Canada’s imports rose in November, climbing from $64.08 billion to $66.19 billion. This increase in imports suggests a growing demand for goods from abroad as the economy progresses in its recovery. The data from Statistics Canada reflects ongoing shifts in international trade as businesses adjust to post-pandemic realities and supply chain issues.
Increases were observed in various sectors, pointing to a revival in consumer and industrial demand. This raises considerations on how these changes might influence Canada’s balance of trade and economic health over time.
Inflation And Economic Uncertainties Globally
In the context of inflation and economic uncertainties globally, this trend brings questions about Canada’s management of trade relationships. It also affects internal economic strategies in response to rising import levels.
Updates will be provided as new data emerges, shedding light on these economic dynamics.
This significant jump in imports suggests more Canadian dollars are being sold to purchase foreign goods, putting downward pressure on the currency. We should therefore consider short positions on the Canadian dollar against the US dollar in the near term. Options traders might look at buying puts on the CAD to hedge against or speculate on a further decline.
This data helped push Canada’s trade balance into a deficit of $1.1 billion for November 2025, a sharp reversal from the small surpluses we saw earlier in the year. A sustained trade deficit often signals a weaker currency over time, reinforcing the case for a bearish CAD outlook. We see this as a developing trend, not just a one-month event, which could affect longer-dated derivatives.
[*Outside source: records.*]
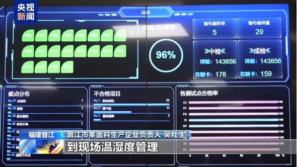 晋江市某面料生产企业负责人 吴灶生:我们的中控系统已经覆盖了从化验室自动测量,到现场温湿度管理,酸碱度管理等多个环节。还可以对接供应商平台,和我们的集中管理系统联动,实现对所有机台运行状态的实时可视监控。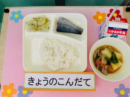 さごじの塩焼き、豚肉とじゃがいもの煮もの、キャベツの梅風味
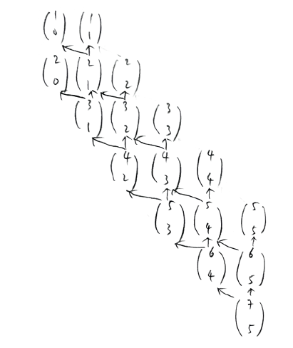 memo[i,j]=memo[i-1,j]+memo[i-1,j-1]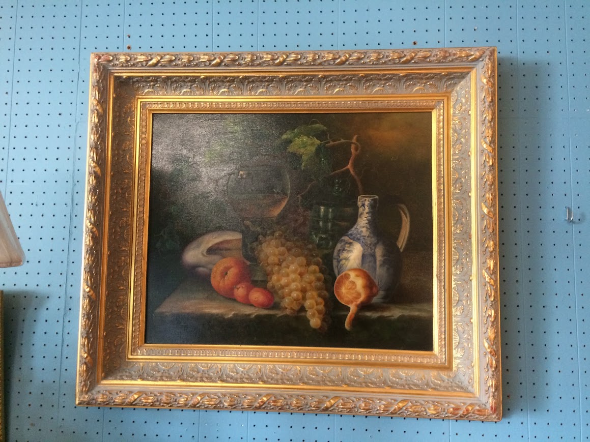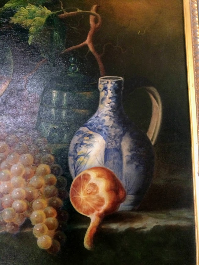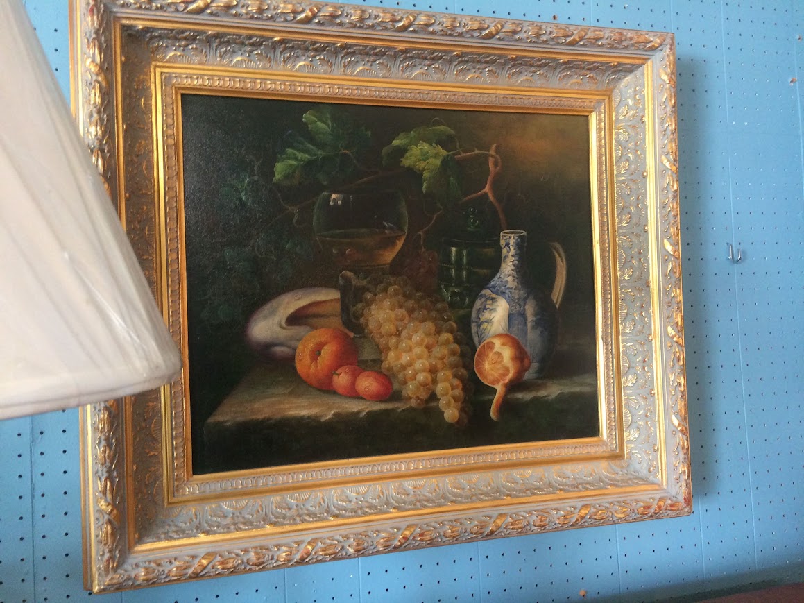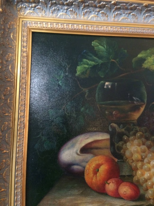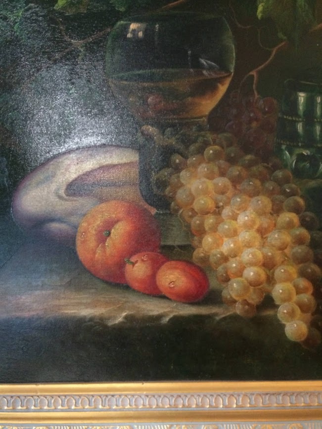 This lovely vintage still life painting features a lovely tableau of fruit, wine, fish and glass and fine ceramics. Of course, the dark background recalls the Dutch tradition of still-lifes, and gives a nice depth.

Strength In Consumer And Industrial Demand
However, the strength in consumer and industrial demand that these import numbers signal could complicate the Bank of Canada’s next move. After pausing rate hikes throughout the latter half of 2025, the central bank may see this as a sign that the economy is too hot to consider cutting rates. This makes derivatives that bet on interest rates remaining at 5% for longer, such as futures on the CORRA, an interesting play.
We should remember that inflation remained sticky, hovering near 3.1% in the final quarter of 2025, which is still well above the Bank’s target. Given this fresh sign of economic strength, the market may be underestimating the Bank’s resolve to keep rates high at its upcoming meeting later this month. This could cause a sharp upward repricing of the Canadian dollar if a hawkish tone is adopted.
This conflict between a negative trade balance and a potentially hawkish central bank creates uncertainty, which points towards higher volatility. We believe the most prudent approach is to use options strategies that can profit from a large price swing in either direction. We are looking at straddles on the USD/CAD exchange rate ahead of the next Bank of Canada announcement.